EPISODE 034 「ポツダム少佐」




 能力者名を「呑龍どんりゅう」、本名は池野 潤一。日の出と共に彼の一日は、その日も変わりなく始まった。この寒中にも関わらず、呑龍はベランダに出ると体操を始めた。

 ケージ内の”同居人”は昨日と同じように、この時間は眠りについている。


 その日は麦飯と、梅干しと、佃煮を少々に、漬物を少量。そしていつもと同じ具の少ないみそ汁を平らげる。食事が終わればハムスターのマコトにも餌を与え、それからやはりベランダでラジオを聴きながら一服だ。冬の朝の金鵄タバコは美味い。


 ラジオが今日の天気を伝える。天気は快晴の見通し、日差しもあり、今週一番の暖かい一日となるでしょう――――男性キャスターがそのように読み上げた。

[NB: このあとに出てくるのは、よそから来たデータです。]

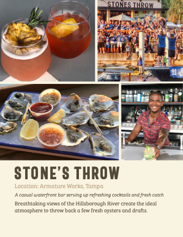 Stone’s throw Location: Armature Works, Tampa A casual waterfront bar serving up refreshing cocktails and fresh catch Breathtaking views of the Hillsborough River create the ideal atmosphere to throw back a few fresh oysters and drafts.
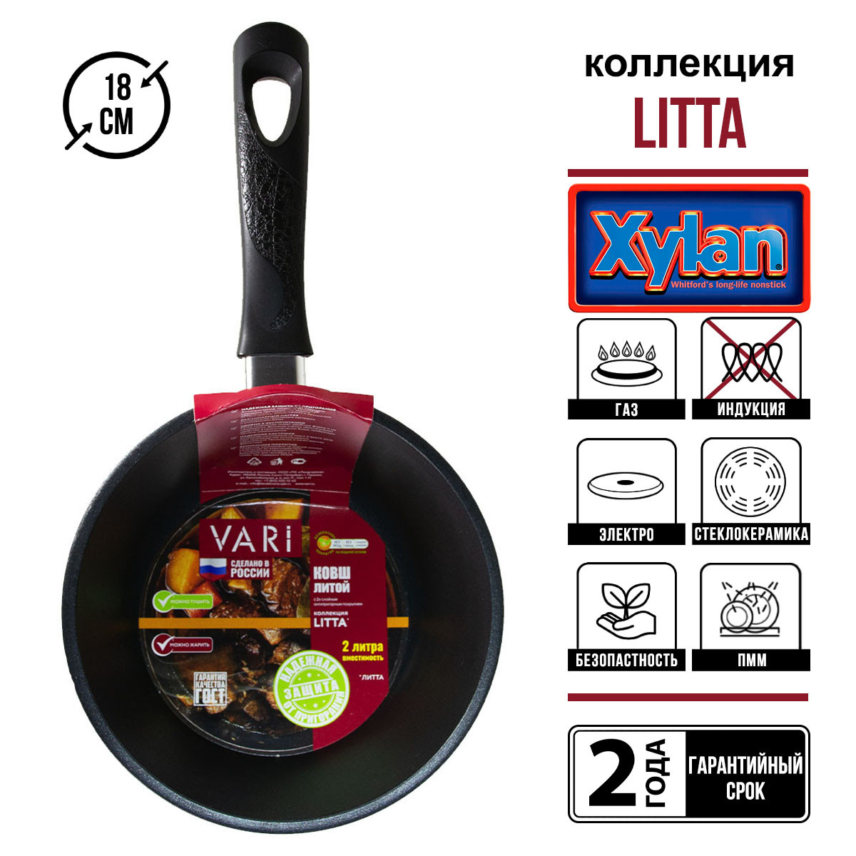 Ковшик кухонный с крышкой 2л относится к современной коллекции «LITTA». Продукция VARI изготовлена из толстостенного алюминия, который хорошо и быстро раскаляется и долго держит тепло. Толстое дно равномерно распределяет жар на ковш с антипригарным покрытием по всей поверхности и обеспечивает равномерную прожарку.
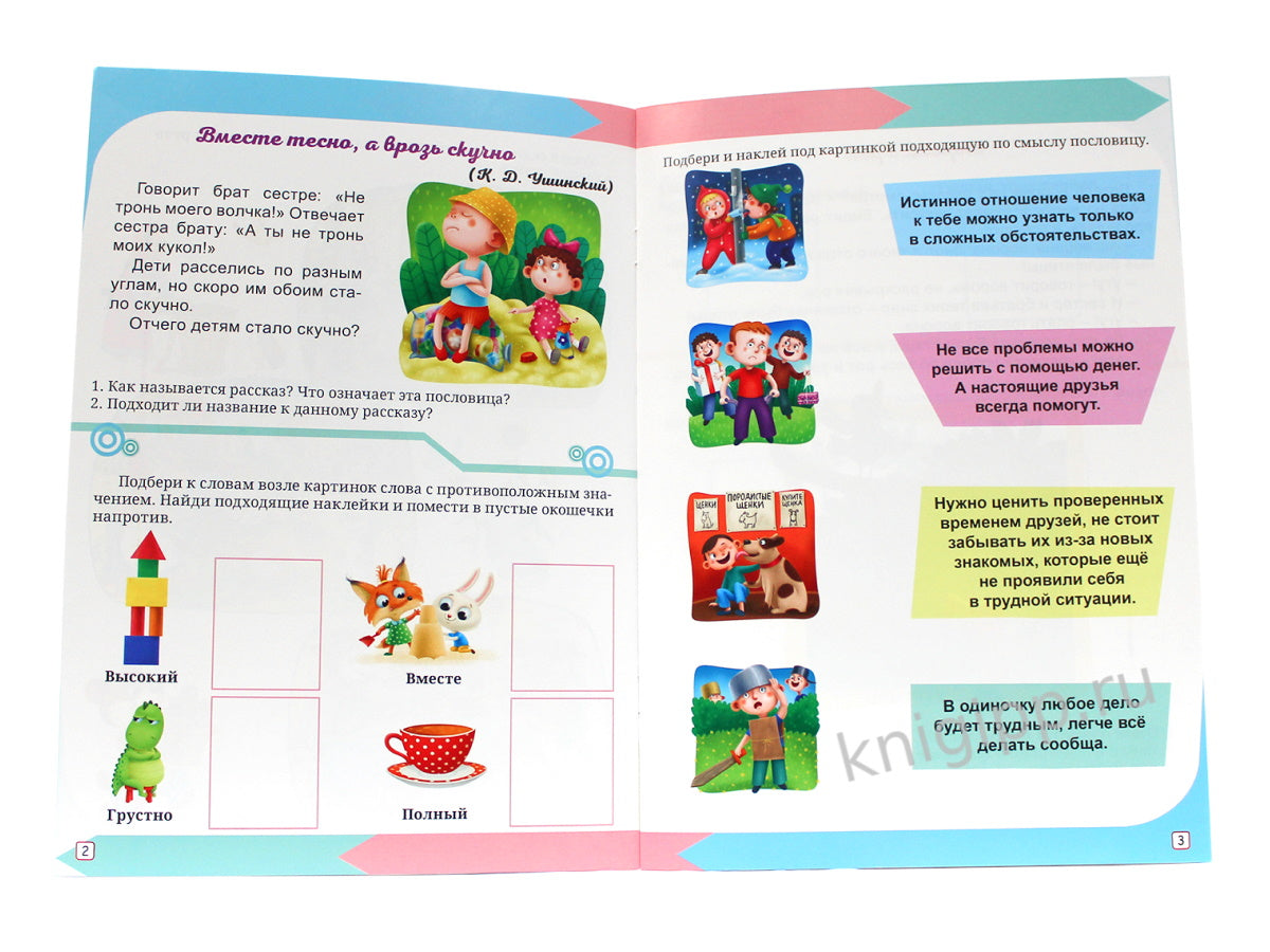 РАЗВИВАЮЩИЕ ЗАДАНИЯ с наклейками. ЧИТАЕМ, РАЗМЫШЛЯЕМ, ПЕРЕСКАЗЫВАЕМ
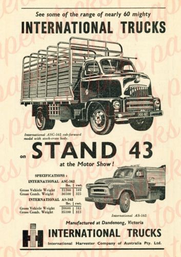 c.1940s INTERNATIONAL HARVESTER TRUCKS AUS VINTAGE AD A3 PRINT POSTER AUTOMOBILE
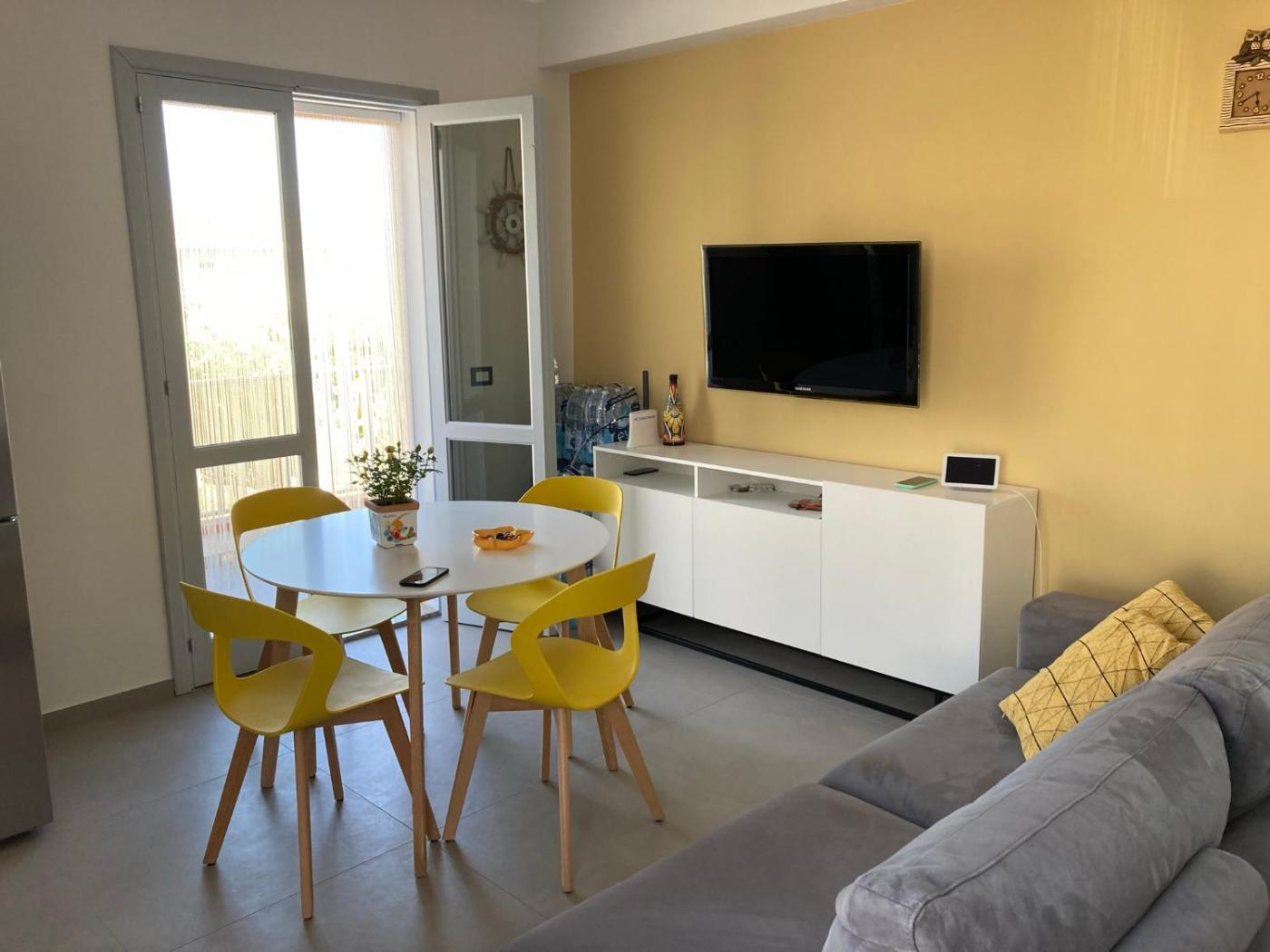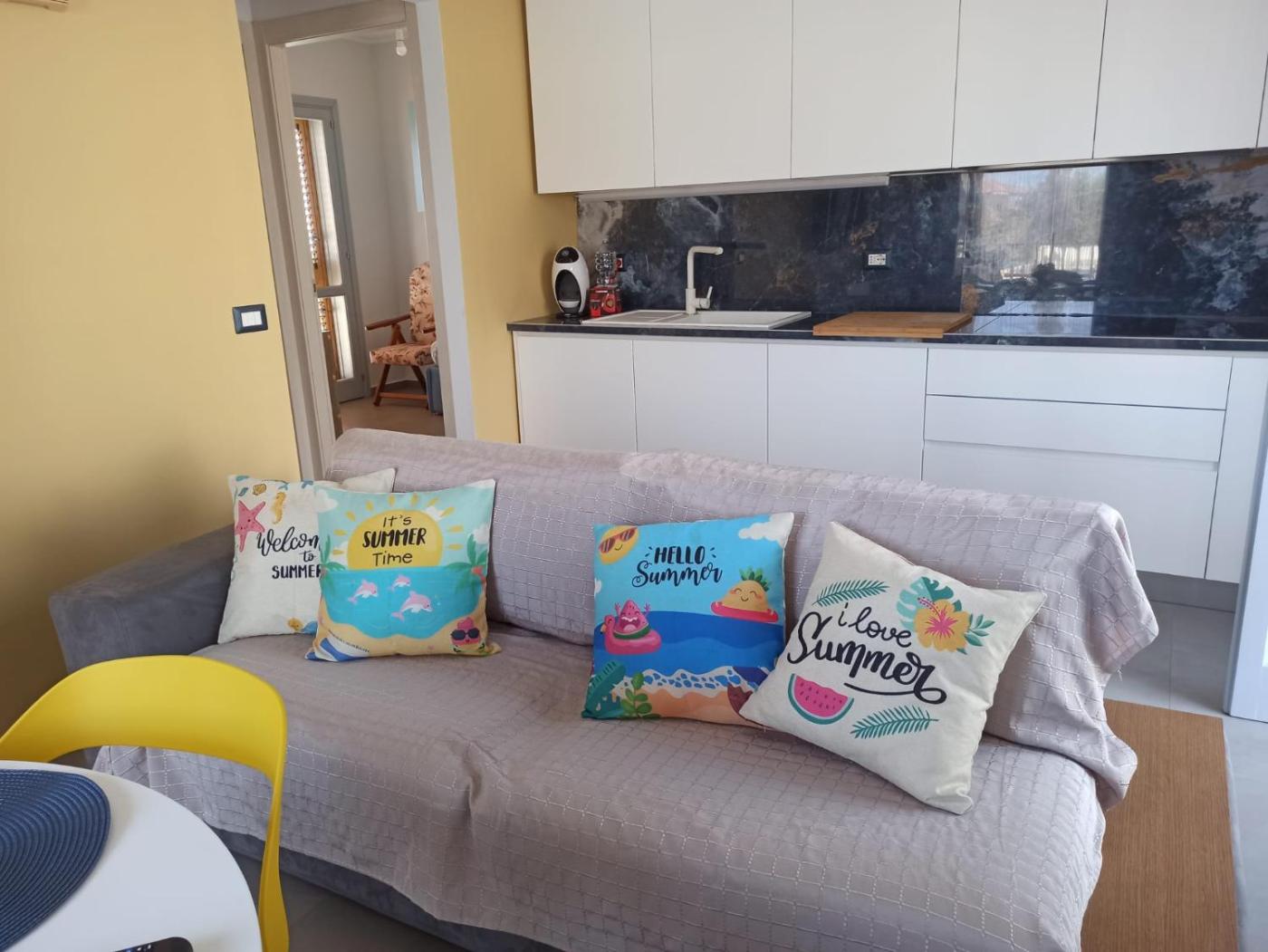 Casa Vacanze. Casa vacanze climatizzata con ingresso indipendente, composta da 1 soggiorno, 2 camere da letto separate e 1 bagno con doccia e asciugacapelli. Troverete una cucina ben attrezzata con piano cottura, frigorifero, lavastoviglie e utensili. La casa vacanze dispone inoltre di balcone affacciato sul mare, lavatrice e TV a schermo piatto. L’alloggio presenta 3 letti.
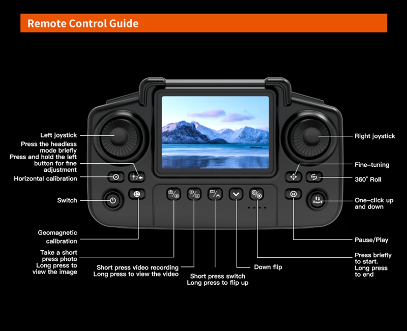 up,down,forward,backward,turn left/right,auto take off/land,auto return,
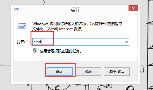 2、在运行窗口中输入命令cmd,回车确定。
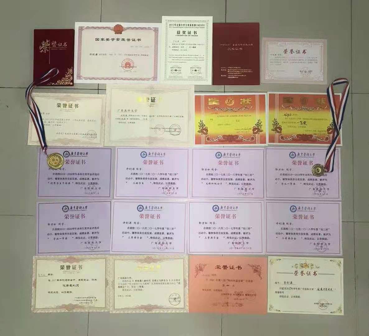 不管是学习还是参加比赛,或者是参加集体活动,他们都是一个团队,在相互支持与鼓励下,朝着“顶峰”前进。他们把集体荣誉当成重要的个人荣誉,宿舍获得过学校“年级宿舍文化建设活动一等奖”“第二临床医学院宿舍评选大赛一等奖” ,他们一起参加《广东省教育厅“我的中国梦”——“立志•修身•博学•报国”主题系列活动》获三等奖。他们还把每个人的荣誉都当成是集体荣誉,他们获得“国家奖学金”1人次,“全国大学生英语竞赛一等奖”2人次,“外研社杯”全国英语阅读大赛(广东赛区)优胜奖1人次,获校级一等奖学金2人次、二等奖学金1人次,三等奖学金2人次、三好学生2人次、优秀共青团员2人次、优秀学生干部3人次等累计三十余项奖项,荣誉证书连起来可从宿舍门口连到阳台。
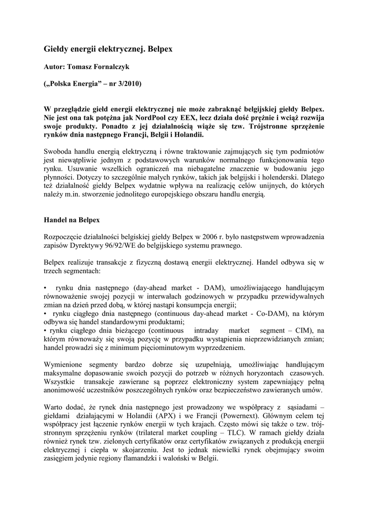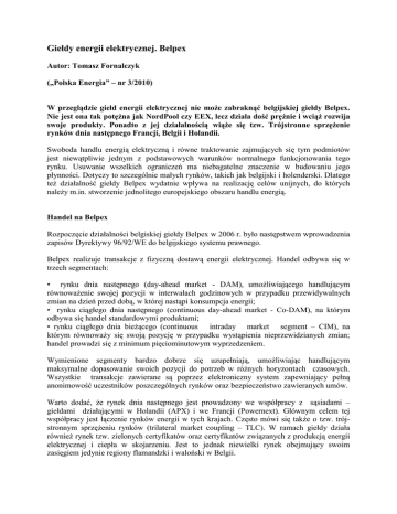 Giełdy energii elektrycznej. Belpex Autor: Tomasz Fornalczyk („Polska Energia” – nr 3/2010) W przeglądzie giełd energii elektrycznej nie może zabraknąć belgijskiej giełdy Belpex. Nie jest ona tak potężna jak NordPool czy EEX, lecz działa dość prężnie i wciąż rozwija swoje produkty. Ponadto z jej działalnością wiąże się tzw. Trójstronne sprzężenie rynków dnia następnego Francji, Belgii i Holandii. Swoboda handlu energią elektryczną i równe traktowanie zajmujących się tym podmiotów jest niewątpliwie jednym z podstawowych warunków normalnego funkcjonowania tego rynku. Usuwanie wszelkich ograniczeń ma niebagatelne znaczenie w budowaniu jego płynności. Dotyczy to szczególnie małych rynków, takich jak belgijski i holenderski. Dlatego też działalność giełdy Belpex wydatnie wpływa na realizację celów unijnych, do których należy m.in. stworzenie jednolitego europejskiego obszaru handlu energią. Handel na Belpex Rozpoczęcie działalności belgiskiej giełdy Belpex w 2006 r. było następstwem wprowadzenia zapisów Dyrektywy 96/92/WE do belgijskiego systemu prawnego. Belpex realizuje transakcje z fizyczną dostawą energii elektrycznej. Handel odbywa się w trzech segmentach: • rynku dnia następnego (day-ahead market - DAM), umożliwiającego handlującym równoważenie swojej pozycji w interwałach godzinowych w przypadku przewidywalnych zmian na dzień przed dobą, w której nastąpi konsumpcja energii; • rynku ciągłego dnia następnego (continuous day-ahead market - Co-DAM), na którym odbywa się handel standardowymi produktami; • rynku ciągłego dnia bieżącego (continuous intraday market segment – CIM), na którym równoważy się swoją pozycję w przypadku wystąpienia nieprzewidzianych zmian; handel prowadzi się z minimum pięciominutowym wyprzedzeniem. Wymienione segmenty bardzo dobrze się uzupełniają, umożliwiając handlującym maksymalne dopasowanie swoich pozycji do potrzeb w różnych horyzontach czasowych. Wszystkie transakcje zawierane są poprzez elektroniczny system zapewniający pełną anonimowość uczestników poszczególnych rynków oraz bezpieczeństwo zawieranych umów. Warto dodać, że rynek dnia następnego jest prowadzony we współpracy z sąsiadami – giełdami działającymi w Holandii (APX) i we Francji (Powernext). Głównym celem tej współpracy jest łączenie rynków energii w tych krajach. Często mówi się także o tzw. trójstronnym sprzężeniu rynków (trilateral market coupling – TLC). W ramach giełdy działa również rynek tzw. zielonych certyfikatów oraz certyfikatów związanych z produkcją energii elektrycznej i ciepła w skojarzeniu. Jest to jednak niewielki rynek obejmujący swoim zasięgiem jedynie regiony flamandzki i waloński w Belgii. Połączenie rynków Mechanizm trójstronnego sprzężenia rynków (TLC) zainicjowany został wraz z powstaniem giełdy Belpex. Jego organizatorami były giełdy energii we Francji, Holandii i Belgii oraz operatorzy systemów przesyłowych tych państw (Elia – Belgia, TenneT – Holandia, RTE – Francja). Podstawowym zadaniem przyjętego rozwiązania jest koordynowanie cen, a także optymalizacja zdolności przesyłowych pomiędzy poszczególnymi systemami. Sprzężenie rynków dotyczy tylko segmentu rynku dnia następnego. Działanie mechanizmu związanego ze sprzężeniem rynków dnia następnego zdeterminowane jest dwoma czynnikami: cenami energii elektrycznej oraz ewentualnymi kosztami związanymi z transgranicznym jej przesyłem pomię dzy systemami. Ceny ustala się wspólnie dla trzech rynków, są więc jednakowe. Ewentualne różnice wynikają z kosztów związanych z transmisją energii przez granice. Pojawiają się one tylko wówczas, gdy transgraniczne możliwości przesyłowe są w pełni wykorzystane. Jeśli połączenia dysponują wolnymi zdolnościami, dodatkowych kosztów nie ma. Jednocześnie zaznaczyć należy, że klienci z państw objętych obszarem wspólnego rynku, zawierając transakcje na rynku dnia następnego, automatycznie dokonują rezerwacji i zakupu zdolności przesyłowych. Biorąc pod uwagę powyższe czynniki, w skrajnych przypadkach mogą wystąpić trzy różne ceny (w każdym z obszarów cenowych) na obszarze objętym wspólnym rynkiem, jednak najczęściej ceny są jednakowe. Przyjęte rozwiązanie poprawia płynność poszczególnych rynków oraz udostępnia wolne moce przesyłowe wszystkim użytkownikom na równych zasadach, bez konieczności prowadzenia dodatkowego postępowania. Mimo sprzężenia wszystkie trzy giełdy mogą funkcjonować niezależnie, praktycznie bez żadnych zmian organizacyjnych. Uczestnicy, właściciele i nadzór Na koniec 2008 r. giełda Belpex mogła pochwalić się przynajmniej 34 bezpośrednimi użytkownikami i trzema firmami brokerskimi, działającymi w imieniu innych konsumentów lub wytwórców energii elektrycznej. Dokładna liczba uczestników nie jest publikowana – nie wszyscy z nich zgadzają się na ujawnianie swoich danych. Jeśli chodzi zaś o strukturę właścicielską giełdy Belpex, nie jest ona tak rozbudowana jak w przypadku giełdy Powernext. Większościowym udziałowcem jest Elia – belgiski operator systemu przesyłowego. Pozostałe udziały podzielili między siebie w równych ilościach: giełdy APX i Powernext oraz operatorzy sieci przesyłowych we Francji i Holandii – RTE oraz TenneT. Kapitał giełdy Belpex szacowany jest na 3 mln euro. Nadzór nad działalnością giełdy sprawują dwie niezależne instytucje: Komisja Regulacji Energii Elektrycznej i Gazu (Commission de Regulation de l’Electricite et du Gaz – CREG) oraz Komisja Bankowości, Finansów i Ubezpieczeń (La Commission Bancaire, Financiere et des Assurances – CBFA). Druga z wymienionych instytucji odpowiedzialna jest za nadzorowanie działalności większości instytucji finansowych w Belgii oraz ochronę konsumentów usług finansowych. CREG z kolei pełni funk

 呑龍はラジオを点けたまベランダで新聞を広げる。改正民法に関する告知――――能力者の扱いについてが民法に明記される日は来るだろうか? 出生増、未だベビーブーム衰えず「産めよ増やせよ」――――霊銀がこの記事を見たらどんな顔をするだろうか? 家庭環境が良くなかったのか奴はそういうものを嫌っている、不機嫌そうな顔が浮かぶようだ。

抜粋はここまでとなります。